In this blog, find out how we used SAP Technology to keep our ear to the ground and tap into behavioural insights on the show floor. Human behaviour makes for the most fickle and unpredictable data in the history of analytics. Yet, for a smart enterprise, navigating this sea of information is but an opportunity to rise to the occasion.

At SAP, the Field Kick Off Meeting or FKOM, is one of our biggest regional events and the launching pad to communicating our business strategy for the year. It is a rallying call for the sales team, preparing them for the battle ahead. This annual event aims to inspire, educate and arm the team that rakes in the revenue, with everything they need to fight a good fight.

In 2020, we hosted FKOM in Singapore at the swanky Marina Bay Sands Expo, in a show floor that could house 2 football fields length to length. We had over 300 sessions running, for about 2700 attendees from 35 countries. For the event organisers, understanding an audience of this size is a challenge as massive as the event itself. But more importantly, it is key to shaping & running future events even better.

1. How we got it working

We worked closely with our partner, Extentia, to develop an app that attendees could use to navigate the 3 day event lineup. The app, built on SAP Cloud Platform, would help attendees find sessions, talks or demos of interest to them and mark their attendance at these sessions by scanning bar codes placed at the venue. Attendance, as well as feedback from attendees, was entered into an SAP HANA database and pumped into SAP Digital Boardroom through a LIVE data connection. The Digital Boardroom app was assigned its place in the spot light in the very middle of the show floor with 3 large 55” inch TVs displaying insights into attendee behaviour LIVE on all 3 days.

 

During the event, we wanted to track which sessions & talks they were interested in, what times of the day are seeing most attendance, which neighbourhood was attracting the most crowd, which market units have the most engaged attendees, which attendee had the highest participation (with giveaways for winners), among other things. Post the event, we also wished to analyse feedback comments and session ratings from the audience.

2. How it looked

We connected a laptop, with the Digital Boardroom application running, to 3 large TVs. While most demos on the show floor had people walking attendees through the content, Digital Boardroom’s intuitive interface needed no introduction, and spoke for itself.

 

3. What we tracked

In 2020, the show floor was organised into 7 neighbourhoods, each with a focus on technology or industry. In these neighbourhoods we had interactive theatres, with relevant talks, demos & presentations underway concurrently. In a section, outside of the neighbourhoods were the Best Run Theatres. These were for larger audiences & more strategic topics.

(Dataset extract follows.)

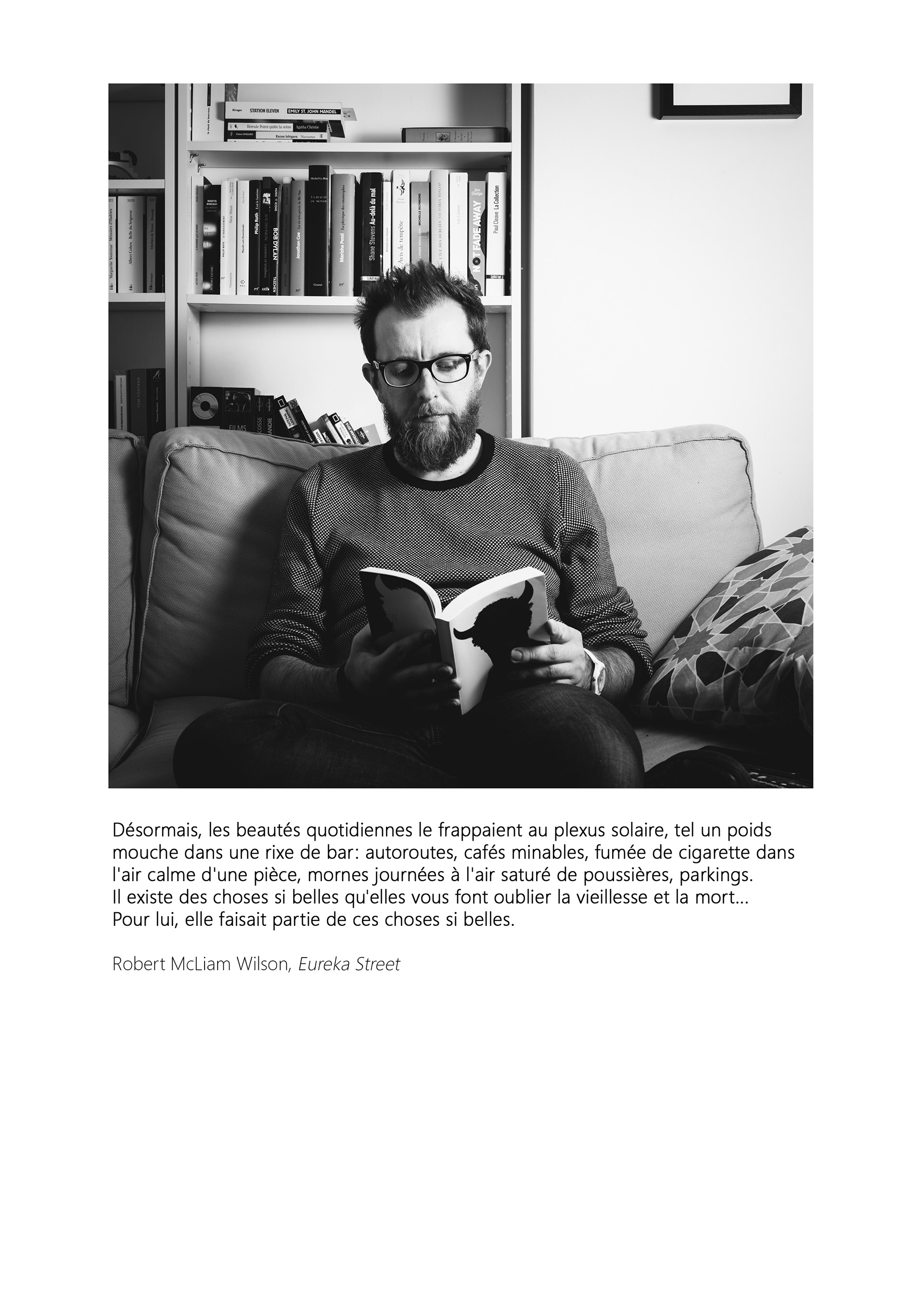 Il s'agit, dans le cadre de ce projet, de faire appel aux lecteurs. Ici, je cherche à les photographier dans ce que j'appelle leur "habitat naturel", en action de lecture.Je leur demande ensuite de me faire parvenir un extrait d'une oeuvre littéraire qui leur parle particulièrement, les touche, leur fait sens, leur importe, etc. Cet extrait est joint au portrait du lecteur.
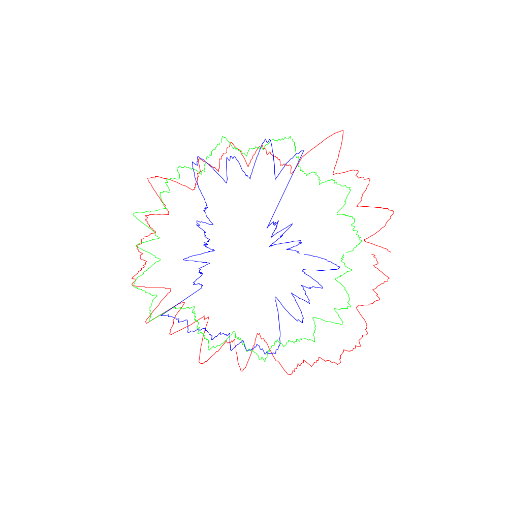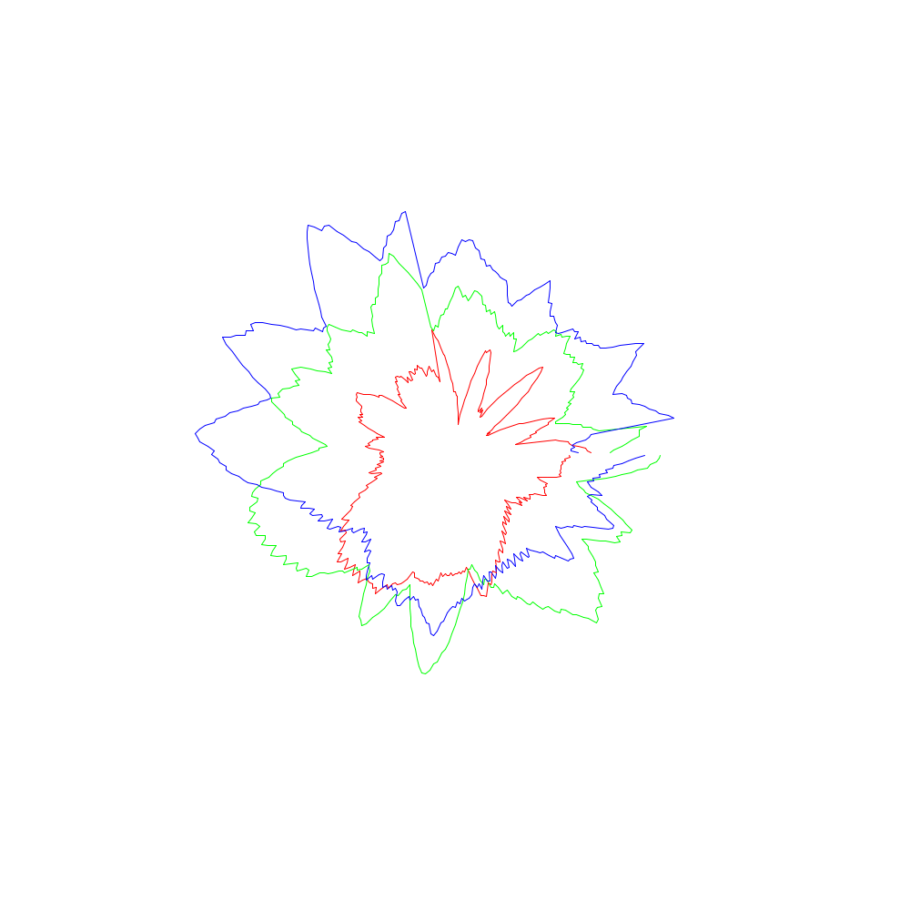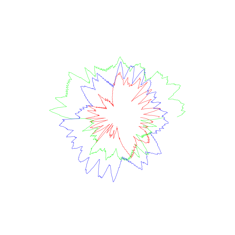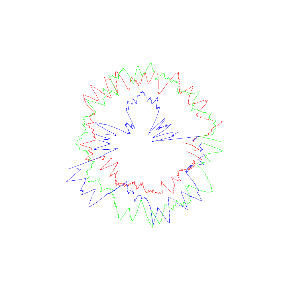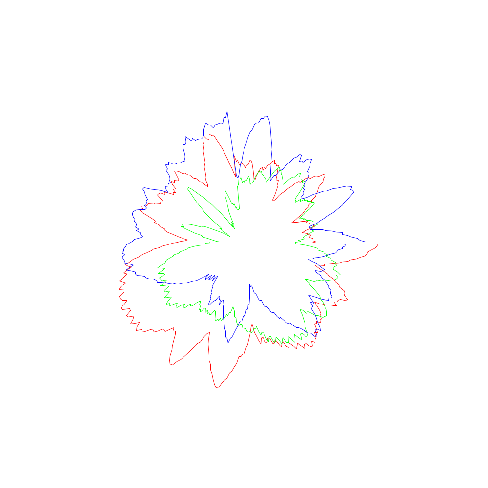 Die roten Linien entsprechen dabei den x-Koordinaten, die grünen den y- und die blauen den z-Werten.

a.) Event Engagement: Here we put the spot light on events. Pitching the Best Run theatre sessions against each other, tracking which neighbourhoods were getting most attendance & which theatres were drawing the most crowds. We also summarised what the sessions were about by dipping into sessions tags. The word cloud, expectedly, highlights innovation & digital core. In an imitation of the show floor, the heat map lends a visual guide to where the crowds are concentrated.

B.) Activity Overview: On this screen we track activity. Which hours of the day are seeing the most participation (in terms of bar code scans), which MUs have the most engaged participants and a leaderboard that aims to gamify the learning experience. Attendees could also scan each other, via the app, to earn networking points. So the networking charts at the bottom complement the engagement ones at the top.

C.) Attendee Profile: With an audience of this size & diversity, the profile of the attendee & their interests makes for interesting analysis. Understand your other mates on the floor on this screen – which country / market unit do they come from, are they employees / partners / sponsors, what sessions are they interested in, are the specialist sales folks not attending the sessions that were curated specially for them, and so on.

D.) All Best Run Sessions: Because we ran some of these sessions on repeat, it was interesting to see participation in the repeat sessions dwindle over the days. Particularly, notice how sessions around lunch time are consistently less popular. No prizes for guessing why!

E.) All Interactive Theatres: These sessions ran concurrently, cannibalising into each others attendance. Indeed, may the most interesting – grab the most seats! Yet, sometimes, the location of these theatres may bias the participation. We were keen to see if this was true, and we compared concurrent attendances by neighbourhood.

F.) Top Interactive Theatres: Lastly, we wanted to colour the top sessions by the neighbourhoods to see if a colour (or in other words a neighbourhood) dominates the floor in terms of quality content. These sessions tagged by hour and day of their occurrence offered insights into content that was popular and potentially, what made it popular.

 

4. How it helped

Through the Digital Boardroom, the organising committee was able to identify empty pockets of attendance and strategise around increasing footfall in these spots. Post event we were able to identify time slots that were less than ideal for hosting sessions and notice how attendance tapered off in repeat sessions.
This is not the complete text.